> _Aim of the exercise_: Starting with the line that contains "echo和pwd既有内建命令" and ending with the last line of the entries, repeat exactly those lines and nothing else, pictures excluded.

> _Records supplied_:
================================

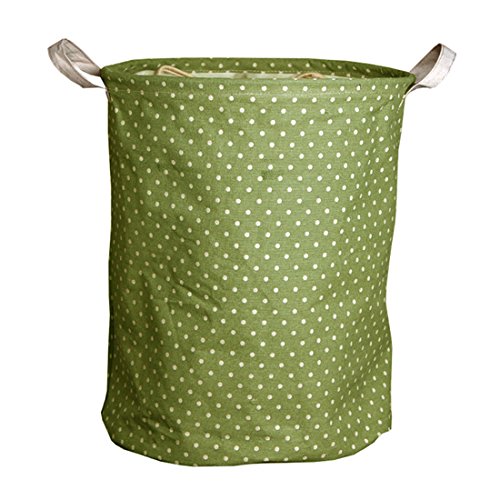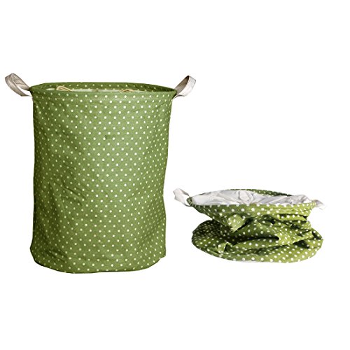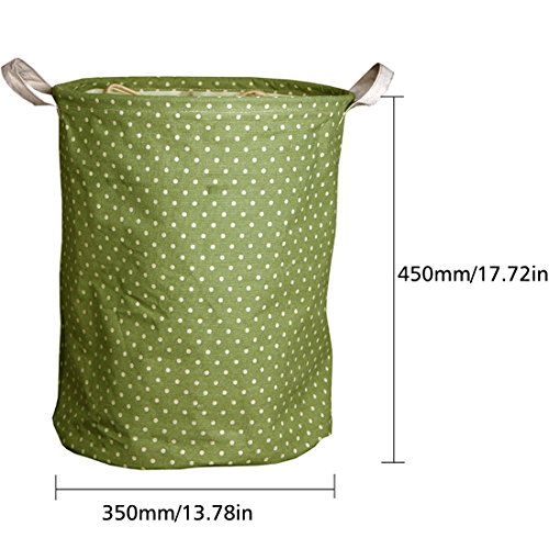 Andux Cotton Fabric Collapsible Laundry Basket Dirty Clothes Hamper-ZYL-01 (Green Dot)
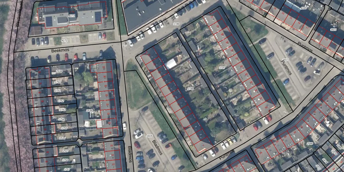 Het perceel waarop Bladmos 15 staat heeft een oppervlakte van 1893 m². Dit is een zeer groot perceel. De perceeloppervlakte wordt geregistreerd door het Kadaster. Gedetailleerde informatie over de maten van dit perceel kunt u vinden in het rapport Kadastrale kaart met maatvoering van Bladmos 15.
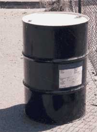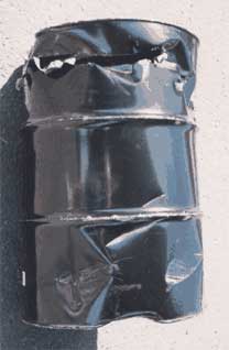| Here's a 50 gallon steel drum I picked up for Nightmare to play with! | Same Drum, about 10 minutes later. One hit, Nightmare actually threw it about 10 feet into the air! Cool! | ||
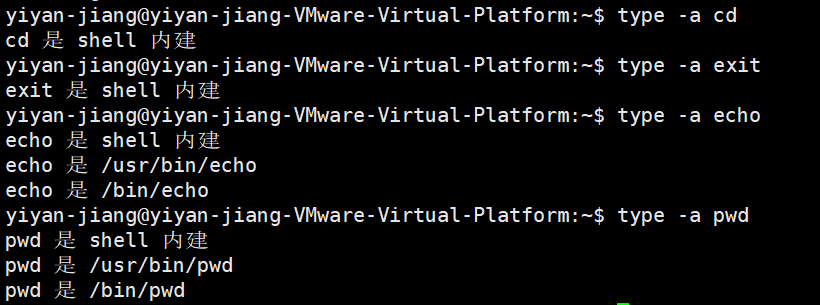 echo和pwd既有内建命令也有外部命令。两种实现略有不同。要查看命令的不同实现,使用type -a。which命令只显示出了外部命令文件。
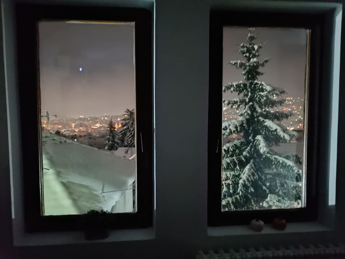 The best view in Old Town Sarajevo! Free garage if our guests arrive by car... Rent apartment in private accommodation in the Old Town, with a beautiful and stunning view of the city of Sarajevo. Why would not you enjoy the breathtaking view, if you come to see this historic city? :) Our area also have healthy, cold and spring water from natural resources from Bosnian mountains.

================================

> _Reply to the exercise_:
 echo和pwd既有内建命令也有外部命令。两种实现略有不同。要查看命令的不同实现,使用type -a。which命令只显示出了外部命令文件。
 The best view in Old Town Sarajevo! Free garage if our guests arrive by car... Rent apartment in private accommodation in the Old Town, with a beautiful and stunning view of the city of Sarajevo. Why would not you enjoy the breathtaking view, if you come to see this historic city? :) Our area also have healthy, cold and spring water from natural resources from Bosnian mountains.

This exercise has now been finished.